Properties and fuel cell performance of proton exchange membranes prepared from disulfonated poly(sulfide sulfone)

A series of disulfonated poly(sulfide sulfone)s (SPSSF)s copolymers are synthesized via direct aromatic nucleophilic substitution polycondensation of 4,4′-dichlorodiphenylsulfone (DCDPS), 3,3′-disulfonate-4,4′-dichlorodiphenylsulfone (SDCDPS) and 4,4′-thiobisbenzenethiol at various molar ratios. Tough and flexible membranes with 30 mol% (SPSSF30) to 50 mol% (SPSSF50) SDCDPS monomers are obtained by casting from DMAc solution. Their physicochemical properties including thermal properties, mechanical properties, water uptake, swelling ratio and oxidative stability are fully investigated. And the fuel cell performance of SPSSF membranes at different temperature and relative humidity is evaluated comprehensively for the first time.

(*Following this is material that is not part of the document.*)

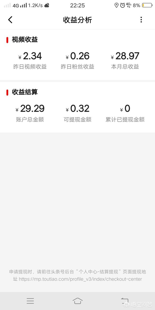 我账号开通总共是一个月,目前粉丝(加上死鱼)总共只有33位,视频总发布数8个,视频播放量为4586,总收入为0.92,虽然收入才那么一丁点,两根棒棒糖都买不着,不过我只是把这个当一个爱好,没投入什么精力。

It is found that the SPSSF40 membrane exhibited low dimensional change in the temperature range of 20–100 °C, good mechanical properties, high oxidative stability and comparable fuel cell performance to Nafion 212 membrane. Besides, the H2 crossover density of the SPSSF40 membrane is only 50% of that of Nafion 212 membrane. Consequently, SPSSF40 membranes prove to be promising candidates as new polymeric electrolyte materials for proton exchange membrane (PEM) fuel cells operated at medium temperatures.